In the real world continuity is the concept that the world moves through time in a logical fashion. such that a clock yesterday will still be a clock today and continue to be a clock tomorrow unless the universe acts on it in a particular way to cause it to become a broken clock. The chances of it suddenly becoming a parrot or a fridge without warning are negligeable. Things change, but in a logical sense of progression. Our entire world is based on an assumption of continuity. Without it we could not function. How could I possible write this article if I thought that tomorrow my keyboard might turn to fudge, every third word I wrote could catch fire, and the internet may suddenly never have existed?

In the movies and on TV there are people whose jobs are entirely devoted to maintaining the continuity of the production they are working on. They take hundreds of photographs of all the sets and the actors so that they can ensure that the world of the story being created remains consistant from scene to scene, even when they are filmed months apart. Of course they occasionally miss something, and the result is liable to show up on some bloopers show where they replay a clip of someone's hairstyle changing between shots of the same scene, or a background object appearing and disappearing, or someone is wearing a hat that they just took off. Continuity is also about making sure period movies don't include incongruous modern artifacts, like romans with wristwatches, or jets flying over the the old west, and that characters' behaviour is consistant. One of the most annoying traits of bad movies is when the villain who has been fiendishly clever throughout the entire movie suddenly starts behaving like an idiot for no apparent reason, in order for the hero to beat him.

So when we come to continuity as applied to comics, we are talking about more than just a picky obsession with trivia. Traditionally comics have been a lot more sloppy about continuity than they are in the movie biz, probably due to its originally being considered an essentially ephemeral medium. In fact one of the main reasons for all those bright iconic costumes is to make it easy for many different artists to draw the same characters and have them still be easily recognisable. You can always spot Superman because he is the one in the blue longjohns with the big S on his chest. Lois Lane is not so lucky, and the difference between some artists, particularly those who aren't making much effort to keep on model, can be so great that you can find yourself not even realising she is present until someone identifies her by name.

I particularly recall the point in X-Men where Madelyne Prior was introduced and the writing suggested that Cyclops was shocked at the sight of her. The whole purpose of the scene was to suggest that she was the spitting image of Jean Grey, but it failed completely because she didn't actually resemble Jean Grey as we had last seen her. I remember thinking that this might be the intention because she had red hair, but if Jean had been a brunette I would have been entirely clueless until the next issue when it was spelled out in the text.
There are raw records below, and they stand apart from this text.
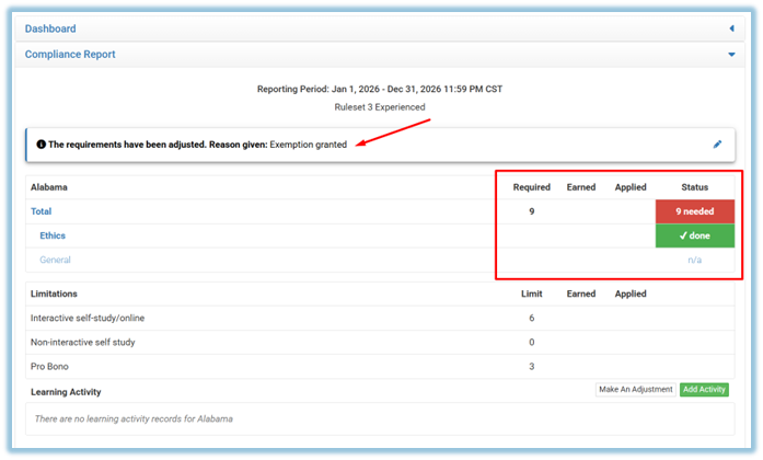 - The CLE Plan will now show the values from the New Required field, and the Plan will show the reason for the exemption at the top.
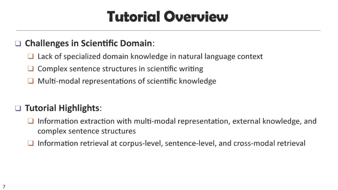 本教程针对对科学网络挖掘的自然语言处理(NLP)技术感兴趣的研究人员和从业人员。探索网络上大量快速增长的科学文献对科学发现非常有益。然而,由于缺乏自然语言环境下的专业领域知识、科学写作中复杂的句子结构以及科学知识的多模态表示,科学网络挖掘尤其具有挑战性。
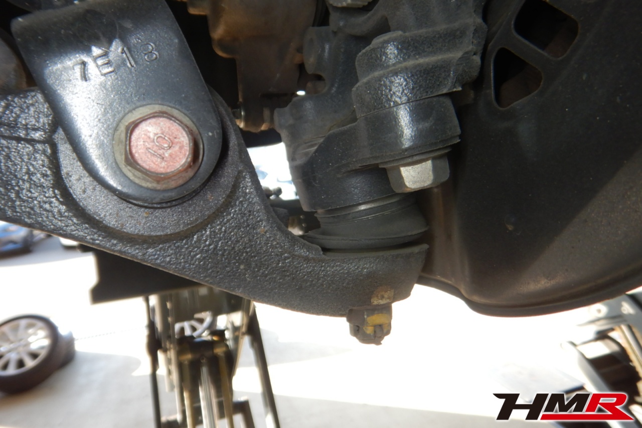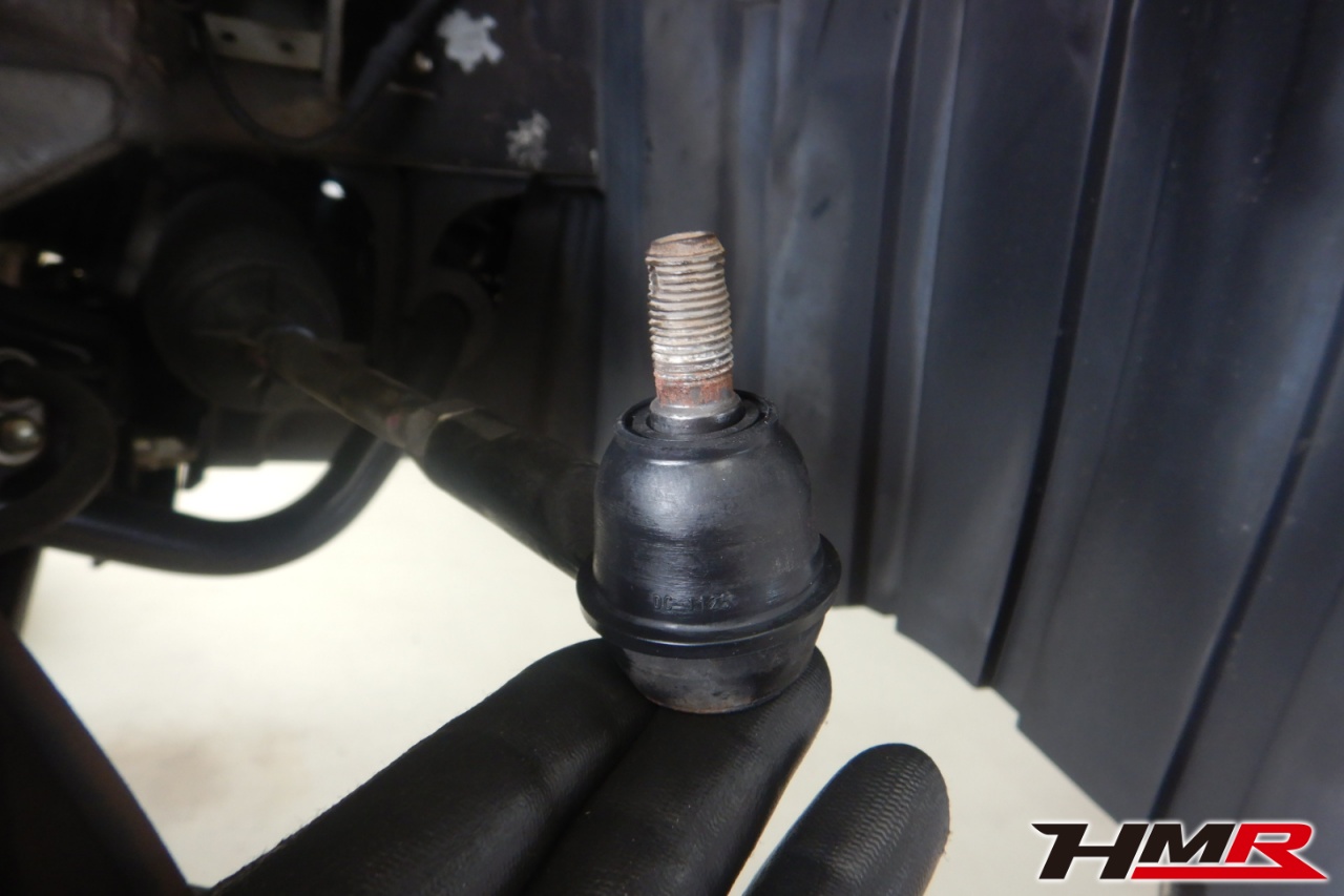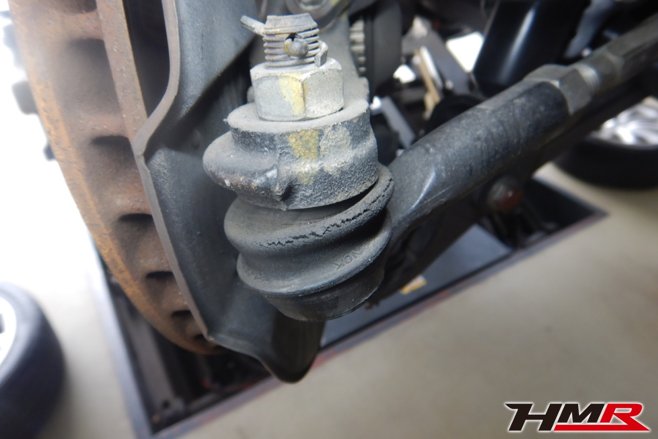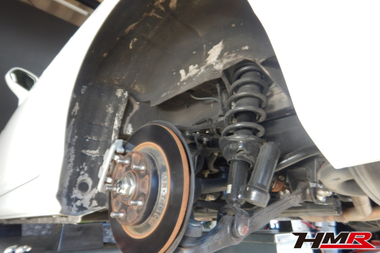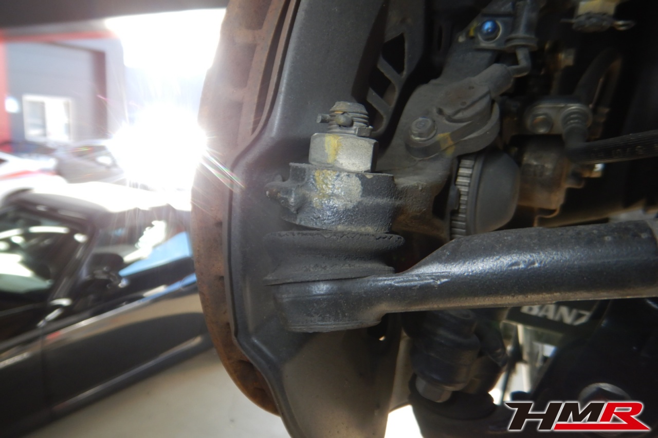 ハブベアリング・ボールジョイント、アーム・リンク類のガタ、ブッシュ・ブーツ類の劣化、エンジン・ミッション・デフからのオイル漏れと各マウント類、タイヤ溝の残量、空気圧の点検しました。右側タイロッドエンドブーツ、フロント左側スタビリンクブーツが切れていましたので交換しました。また左タイロッドエンドブーツ、左側フロントロアアームブーツにヒビが見られましたので今後交換することをおすすめします。
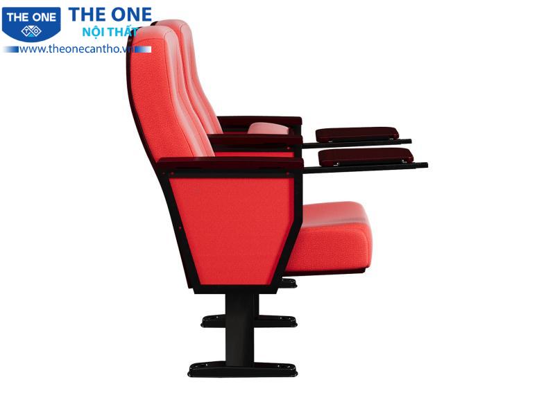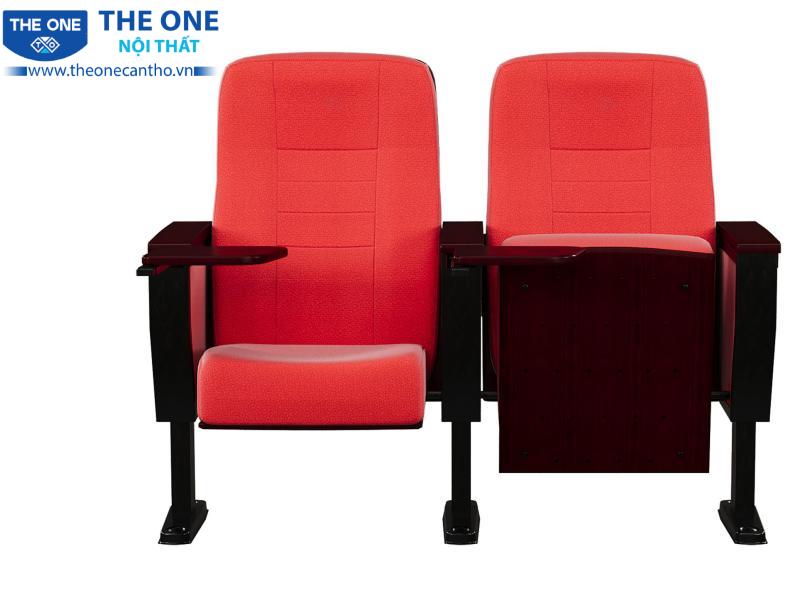 Ghế hội trường khung thép, đệm tựa mút đúc bọc vải, ốp đệm tựa gỗ. có cơ cấu giảm chấn đệm
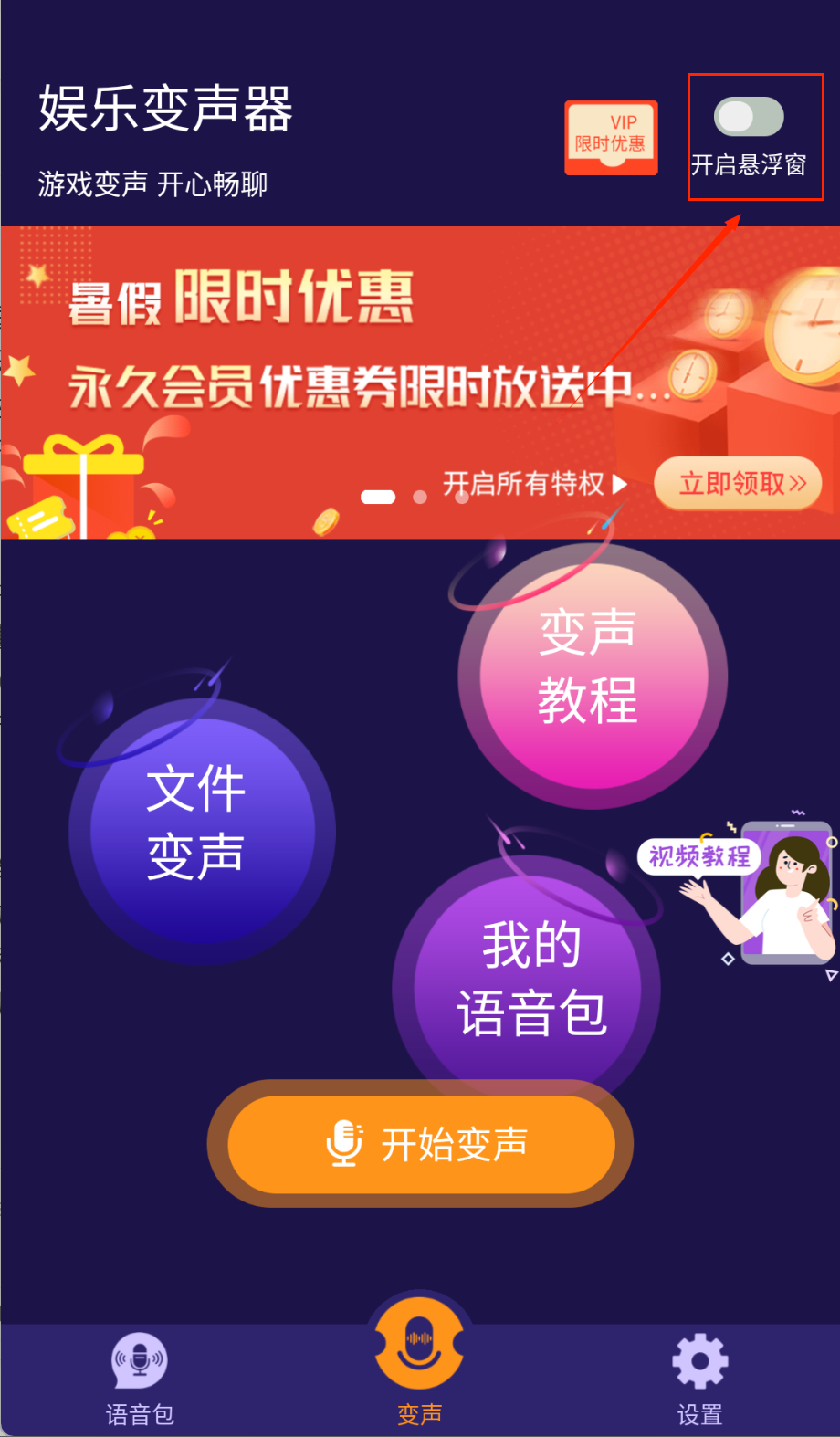2、悬浮窗设计经过特别优化,体积小巧不遮挡游戏界面,支持自定义位置和透明度,一键开启变声不影响游戏操作。

Comics could afford to be sloppy about continuity in the days when they were assumed to be read and thrown away, but just as the advent of video and DVD has required much tighter standards of continuity for TV (and, it has to be said, given opportunity for far grander storylines), reprint trade paperbacks, archives and essentials, not to mention the entire fan base of comic collectors, requires higher standards of continuity from comics.

So when it comes to details of dress or background, or whether this month's issue features a character that nobody seems to remember had died several months previously, it's understandable that the reader might feel a little shortchanged. If in my own world I cannot rely on fish not becoming bubblegum flavour without warning, how can I rely on anything? Similarly, if I read a story or watch a movie and important details are not consistant, how can I retain my suspension of disbelief?

Sure, we should make allowances for interpretation by different creators, but to suggest that continuity is irrelevent (as someone did to me only today) is to say "I don't care if the world makes sense, I just want to look at the pretty colours."

4 comments:

Sleestak said...

Marionette wrote: "The chances of it suddenly becoming a parrot or a fridge without warning are negligeable."

Sure, but if John Byrne writes it then it is almost certain.

Anonymous said...

Forget parrots and fridges. Superman magically sprouted a fortress of solitude, a long-lost cousin, a host of super-robots, a legion of super-pets, a shrunken city fully-staffed with a horde of fellow Kryptonians, sudden and overwhelming scientific expertise, and a dozen different flavors of kryptonite, and all within the space of a few years in the late fifties and early sixties. Nice work for a guy who started out as a relatively down-to-earth flying strongman who occasionally clobbered a mad scientist or two. Now if only someone could bring that bastard Mort Weisinger to justice for trashing Siegel and Shuster's original vision!

JP said...

But...but...Beppo the Super-Monkey was the best thing about the whole Superman saga!!!!

Anonymous said...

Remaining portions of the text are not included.